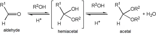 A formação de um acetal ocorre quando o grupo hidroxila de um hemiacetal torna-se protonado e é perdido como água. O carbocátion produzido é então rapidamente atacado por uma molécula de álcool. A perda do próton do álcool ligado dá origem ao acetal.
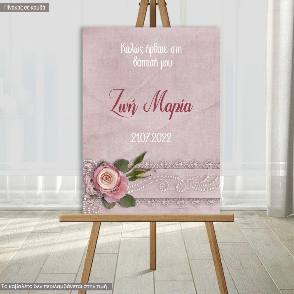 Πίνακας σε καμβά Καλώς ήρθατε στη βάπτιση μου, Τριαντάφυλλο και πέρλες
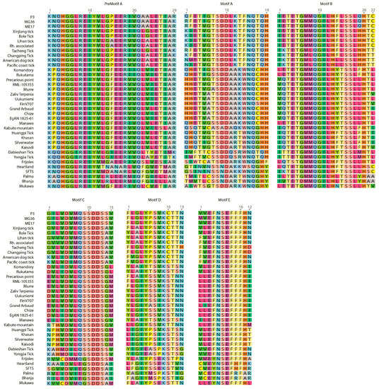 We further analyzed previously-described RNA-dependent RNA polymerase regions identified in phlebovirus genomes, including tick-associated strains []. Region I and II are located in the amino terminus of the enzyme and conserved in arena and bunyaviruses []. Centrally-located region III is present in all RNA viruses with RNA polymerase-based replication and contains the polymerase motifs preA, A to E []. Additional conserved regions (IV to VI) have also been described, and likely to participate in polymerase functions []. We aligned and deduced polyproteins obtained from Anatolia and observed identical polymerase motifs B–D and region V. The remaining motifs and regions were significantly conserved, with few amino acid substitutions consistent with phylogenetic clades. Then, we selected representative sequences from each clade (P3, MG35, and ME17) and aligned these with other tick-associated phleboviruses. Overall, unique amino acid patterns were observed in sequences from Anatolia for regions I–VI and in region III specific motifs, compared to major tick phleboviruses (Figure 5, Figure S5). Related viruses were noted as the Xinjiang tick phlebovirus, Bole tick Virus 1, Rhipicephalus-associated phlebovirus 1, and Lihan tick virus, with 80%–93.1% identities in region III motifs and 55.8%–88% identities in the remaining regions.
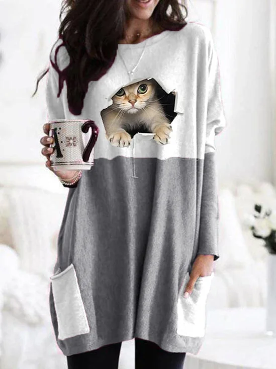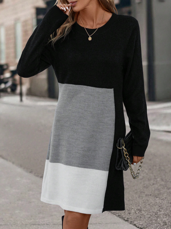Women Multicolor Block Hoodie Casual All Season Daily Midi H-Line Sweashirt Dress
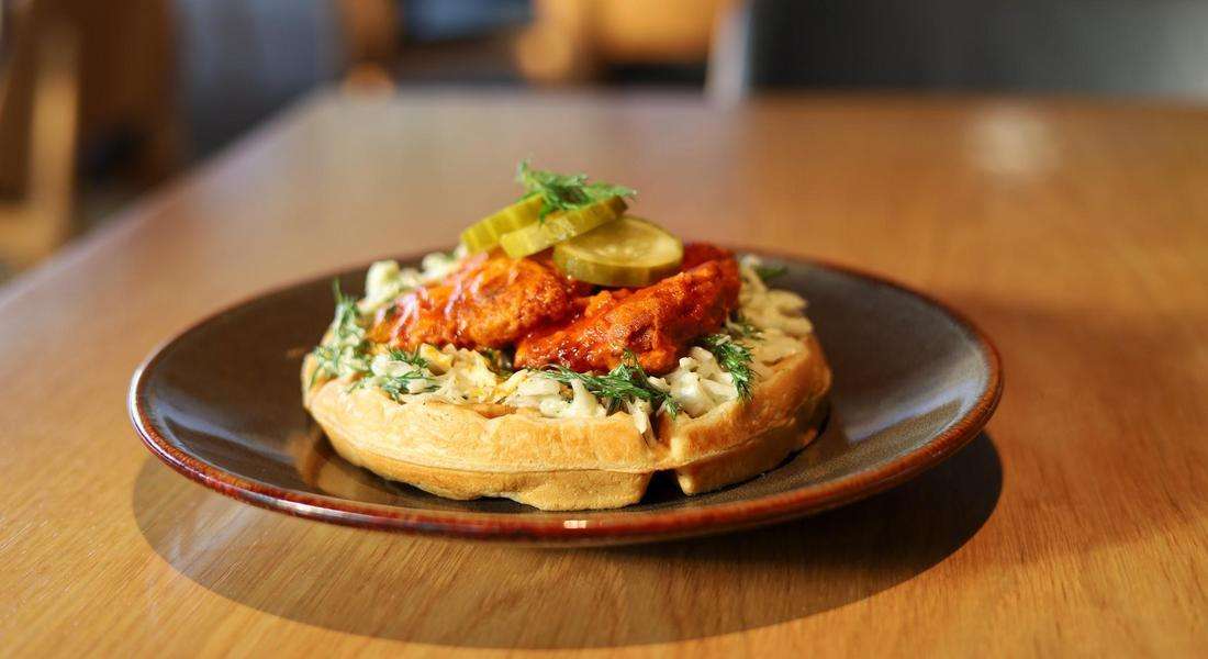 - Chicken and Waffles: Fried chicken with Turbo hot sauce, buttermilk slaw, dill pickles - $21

■ ■ ■

_What this task involves_:
In your reply, please set down exactly the lines from the one containing "Women Multicolor Block" through the end of the records, with the pictures left out.

_Task response_:
Women Multicolor Block Hoodie Casual All Season Daily Midi H-Line Sweashirt Dress
 - Chicken and Waffles: Fried chicken with Turbo hot sauce, buttermilk slaw, dill pickles - $21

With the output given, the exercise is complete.